# Spoke count and rider weight



## STRANA (Oct 5, 2013)

So I've been watching the threads about weight and wheels and once you get over 200lbs. the word seems to be you need more then 20/24. Looking over the different sites and charts though it seems the Reynolds and a couple others are often recommended for the heavier rider. 
Looking at some of the different wheels though they have the lower spoke count. So what makes these wheels strong enough? 
The other question is watching the road party video and cross races these 40m wheels seem to take a hell of a beating so why wouldn't they be fine for a heavier rider on roads?
I'm completely new in trying to understand the wheel technology but looking around it's a bit murky as far as a clear answer as well. So to the boards.

Also I get that the bling of these rims is mostly show for the non racer but I still want the bling. Having just recently upgraded my wheels I can say I appreciate the difference the improvement has offered. These hook up so much better that I feel like I have a new motor.


----------



## Mike T. (Feb 3, 2004)

STRANA said:


> I get that the bling of these rims is mostly show for the non racer but I still want the bling. Having just recently upgraded my wheels I can say I appreciate the difference the improvement has offered. These hook up so much better that I feel like I have a new motor.


You're a marketer's dream. You drank the glass o' hype. Just how much of an improvement did you gain?


----------



## STRANA (Oct 5, 2013)

I went from some cheapy mass produced rims to some built Mavix CPX22 I was comparing these. The old ones lost spokes at the hub from flexing all the time and I could feel that on a hard climb.


----------



## bigbill (Feb 15, 2005)

I'm a big guy and I've never noticed much wheel flex when climbing. I have several sets of standard spoked wheels, a set of Zondas, some Cosmic Carbones, carbon tubulars, and some spinergy pbo spoke wheels. The Zondas are 16/21 spoke front/rear and I've been riding them for around 7 years including today. The Carbones are 20/20 and they are 16 years old. Wheels are designed for strength and light weight, light weight being the selling point. It's all overblown.


----------



## Doug B (Sep 11, 2009)

230 pounds, 5'-11" Clyde here. This year, I'm trying to get down to 210 pounds or less. 

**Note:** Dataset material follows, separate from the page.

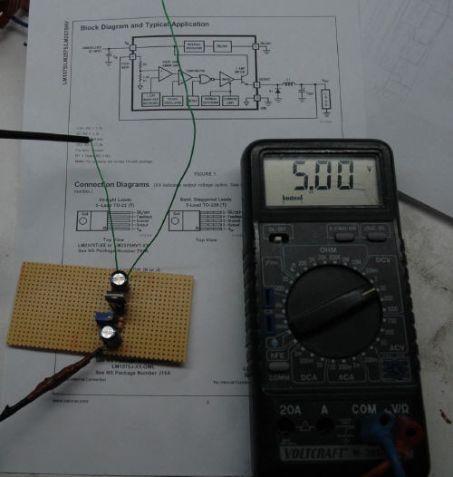 Ich habe das erste mal eine Platine mit kurzen Streifen genommen... das klappte nicht gut. Mit einer Streifenplatine tut man sich leichter. Die Spannung steht bei 5,00 Volt, geht bei 0,1A Belastung nur minimal , d.h. ca. 4 mV zurück, vernachlässigbar. Der Schaltregler ist bis 1A belastbar, muss dann aber gekühlt werden. Ich belaste mit 150 mA, dass geht noch ohne Kühlkörper.

I have been on a set of 20-24 wheels for five years. No problem keeping wheels true, no broken spokes, no problems at all.


----------



## STRANA (Oct 5, 2013)

Doug B said:


> 230 pounds, 5'-11" Clyde here. This year, I'm trying to get down to 210 pounds or less.
> 
> I have been on a set of 20-24 wheels for five years. No problem keeping wheels true, no broken spokes, no problems at all.


This seems to be the case often reported but then I would read a number of posts saying not enough spokes. I started to wonder if there was a considerable difference in spoke quality and maybe that was the reason. I saw Reynolds being suggested and they were 20/24 but then Mavic Cosmic often being said to max out at about 190lbs.

It was just not making clear sense why a brand wheel with 20/24 of one brand is working fine for many and in some brand even being recommended but then not others. Specialy in the case of big names like Mavic, Envy, etc...

Marketing wasn't really the angle I was after as a bigger rider I could lose 10lbs. in a month and save the thousands required to save the same in equipment.


----------



## cxwrench (Nov 9, 2004)

STRANA said:


> I went from some cheapy mass produced rims to some built Mavix CPX22 I was comparing these. The old ones lost spokes at the hub from flexing all the time and *I could feel that on a hard climb.*


Uh huh...sure you could.


----------



## STRANA (Oct 5, 2013)

cxwrench said:


> Uh huh...sure you could.


Maybe my understanding of what I was feeling isn't exactly accurate but the result is. Not sure why the assumption is otherwise? I replaced enough spokes until I was on the new wheels and notice a pronounced difference when riding them.


----------



## cxwrench (Nov 9, 2004)

STRANA said:


> Maybe my understanding of what I was feeling isn't exactly accurate but the result is. Not sure why the assumption is otherwise? I replaced enough spokes until I was on the new wheels and notice a pronounced difference when riding them.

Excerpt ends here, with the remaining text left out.